Search for Wurth Paint. They are the OEM paint supplier for older BSS wheels. Their gold is supposed to be the exact shade for BBS wheels.


----------



## PrupleGTI (Feb 1, 2002)

*Re: BBS RS Championship Gold (Mikes72sb)*

Wurth discontinued the Gold in North America http://****************.com/smile/emthdown.gif


----------



## xxxturbo rabbitxxx (Aug 15, 2005)

*Re: BBS RS Championship Gold (PrupleGTI)*


_Quote, originally posted by *PrupleGTI* »_Wurth discontinued the Gold in North America http://****************.com/smile/emthdown.gif 

Well that just crushed my dreams.


----------



## _Absorb_ (Jan 31, 2007)

*Re: BBS RS Championship Gold (xxxturbo rabbitxxx)*

paint on ebay righ tnow search BBS http://****************.com/smile/emthup.gif http://****************.com/smile/emthup.gif


----------



## xxxturbo rabbitxxx (Aug 15, 2005)

*Re: BBS RS Championship Gold (xxxturbo rabbitxxx)*

Do you guys thinks it's really legit paint or what.
http://cgi.ebay.com/ebaymotors...ZWDVW


----------



## rayray086 (Sep 24, 2006)

*Re: BBS RS Championship Gold (xxxturbo rabbitxxx)*

Was just about to direct that to you.

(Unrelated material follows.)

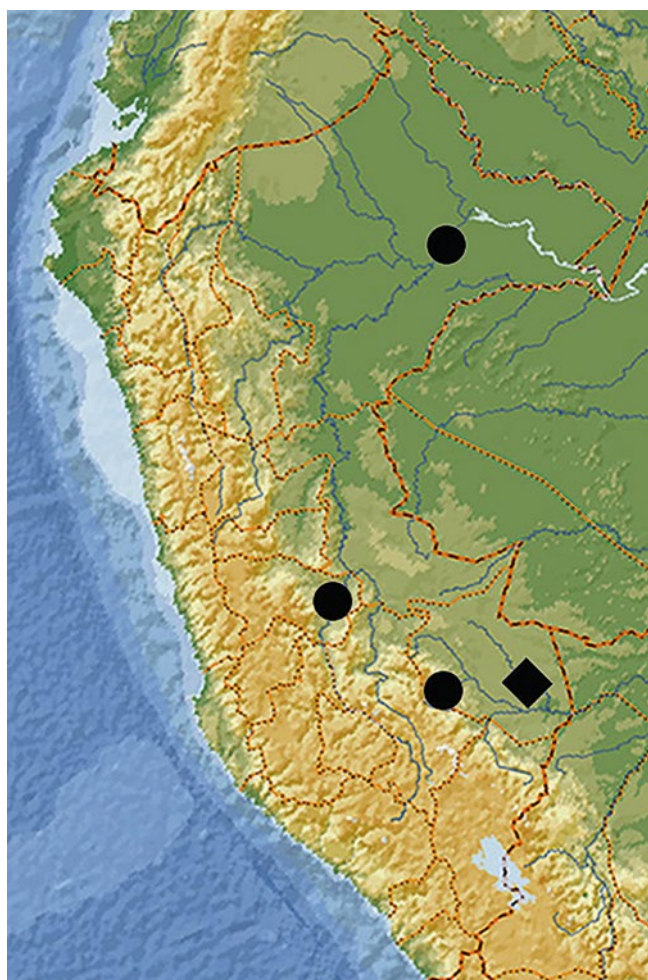
Figure 10. Distribution of Hybolabini. Hybolabus ater , circle. Omolabus curticornis , rhombus.

Do you need the paint to match an existing wheel that's painted in the original BBS gold, or just so you have a genuine gold colour with the RS you have now? 
I reckon the one on eBay looks good. I wouldn't know about the quality though, one downside when dealing on eBay.


----------



## xxxturbo rabbitxxx (Aug 15, 2005)

*Re: BBS RS Championship Gold (rayray086)*

No my RS's are powder coated silver and I'm going to want to paint them the gold. I know Wurth used to make it but they stopped. And I emailed BBS last night to see if they can tell me the paint code or anything like that.


----------



## matthewx (Aug 21, 2005)

my rs wheels are gold








dont know if its factory or not i just bought them used


----------